Landry pointed to striped bass as an example of a fish that was “critically depleted” in Atlantic waters for reasons other than its food source, attributing the problem to “excessive” recreational fishing that should be curbed by emergency regulations.

Paul Eidman, founder of Menhaden Defenders, a nonprofit that advocates rebuilding stocks of the species along the Atlantic and Gulf of Mexico coasts, accused Omega of using industrial techniques, including big ships and spotter planes, to catch menhaden in the Chesapeake Bay in numbers that are not sustainable and that contribute to the decline of other species.

“It’s about the impact that these massive 195-foot vessels have,” Eidman said in an interview. “They take millions and millions of fish at one time, and it basically strip mines portions of the bay. Game fish and birds and all these other creatures suffer for that. It’s not that the fish aren’t there; it’s that they are getting wiped out too fast for nature to replenish them.”

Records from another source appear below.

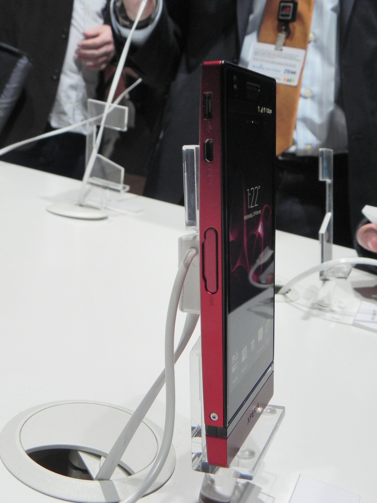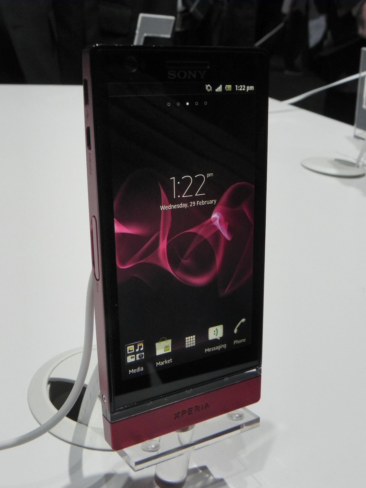 We’ve met the Sony Xperia S and Ion at CES 2012 and now we met two new Xperias at MWC 2012: The P and U models. The first is seen in the following pictures and video, taken by our editor in Barcelona. This is a midrange phone, that just like the Xperia U is a smaller version of the Xperia S, when it comes to design. The transparent bar at the bottom gives it away.
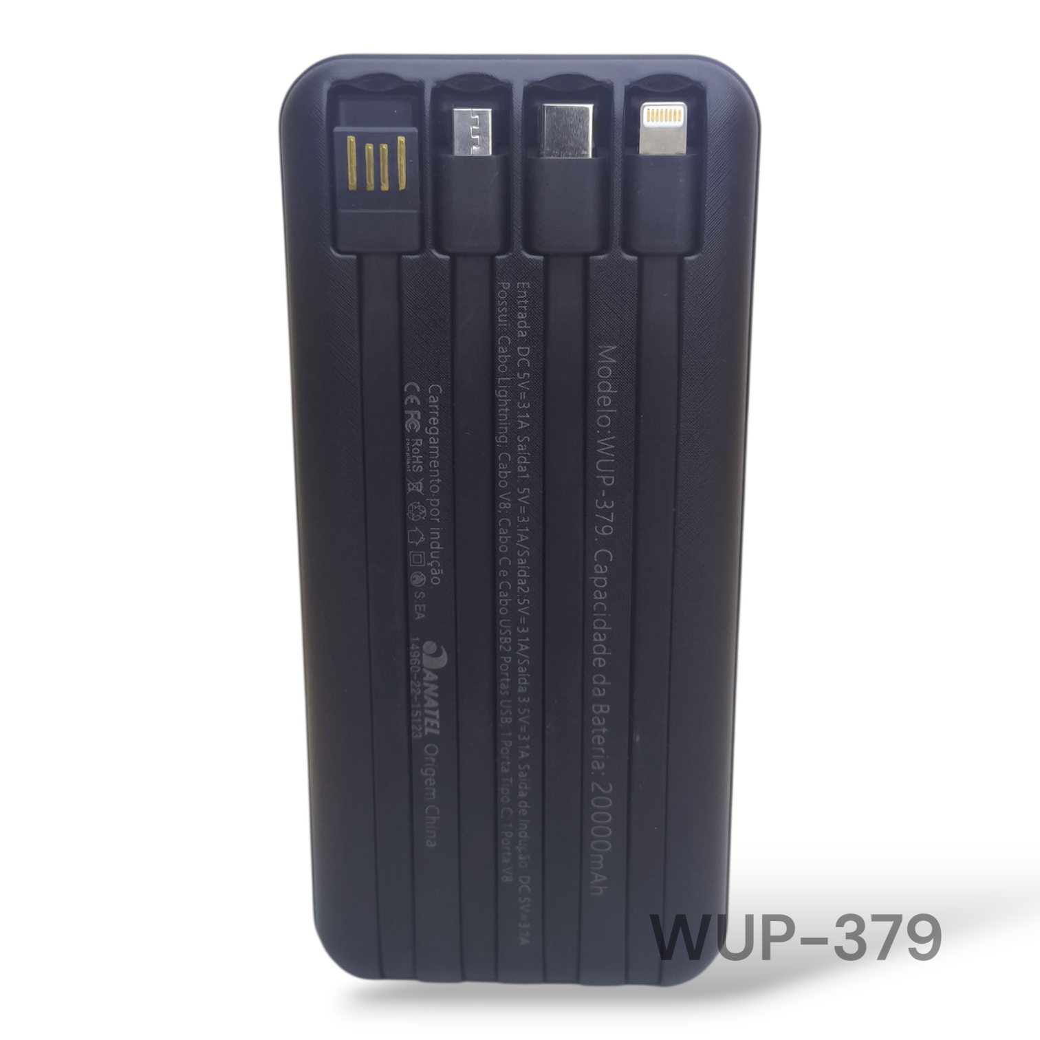 20000MAH / COM LED DIGITAL / INDUÇÃO / DC5/3.1A / CABO: USB, USB-C, V8, LIGHTNING / ENTRADA: 2X USB, 1XUSB-C
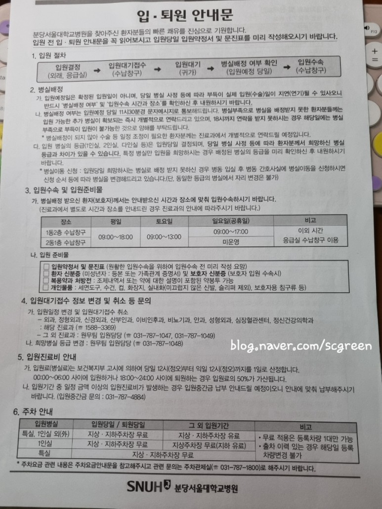 분당서울대병원의 입퇴원 안내문이다.
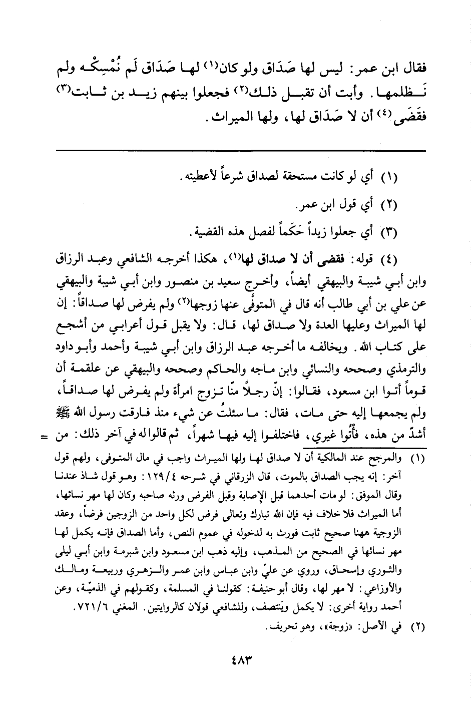 فَقَالَ ابْنُ عُمَرَ: لَيْسَ لَهَا صَدَاق وَلَوْ كَانَ (¬1) لَهَا صَدَاق لَم نُمْسِكْه وَلَمْ نَظلمها. وَأَبَتْ أَنْ تَقْبَلَ ذَلِكَ (¬2) فَجَعَلُوا بَيْنَهُمْ زَيْدَ بْنَ ثَابِتٍ (¬3) فقَضَى (¬4) أَنْ لا صَدَاق لَهَا، ولها الميراث.
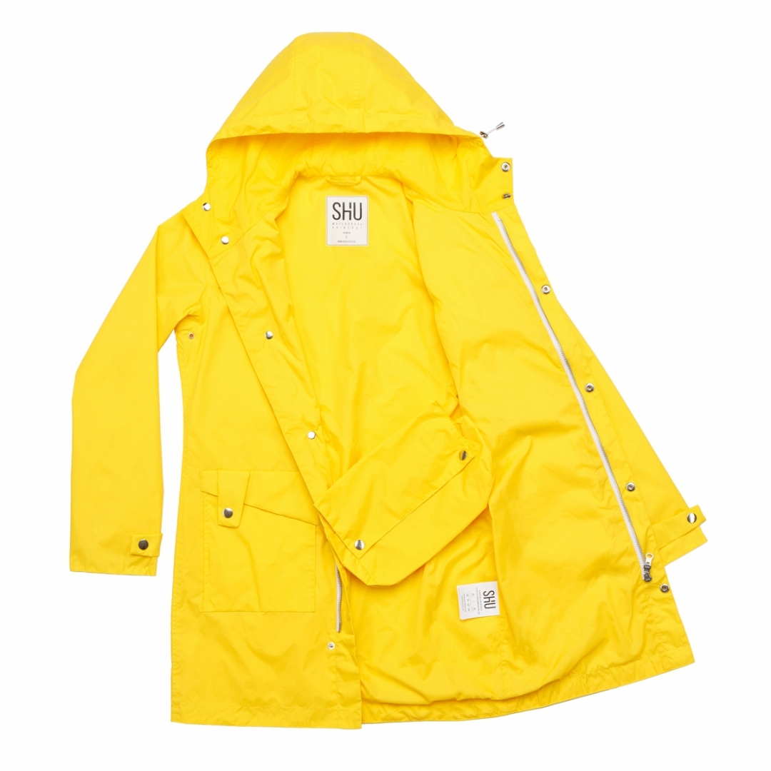 Плащи и парки из новой коллекции бренда верхней одежды SH’U отличают яркие акцентные цвета. В целом гамма верхней одежды строится на использовании классических черного, темно-синего и белого цветов, а также нюдовых оттенков – от светло-голубого и бежевого до серого и мятного. В этом году дизайнеры усовершенствовали и свой бестселлер дождевик, добавив к длине плаща еще 8 см.

Outside the Chesapeake Bay, the number of menhaden has increased since the Atlantic commission determined in 2012 that the fish was being harvested at a rate that would exceed its reproductive capacity if not corrected. At the time, the agency temporarily cut its total allowable catch by 20 percent coastwide, and the fish population recovered within two years.

Evidence of their recent abundance can be found off the coasts of New York and New Jersey, where more of their predators, including humpback whales, tuna, sharks and bald eagles, have returned, Eidman said.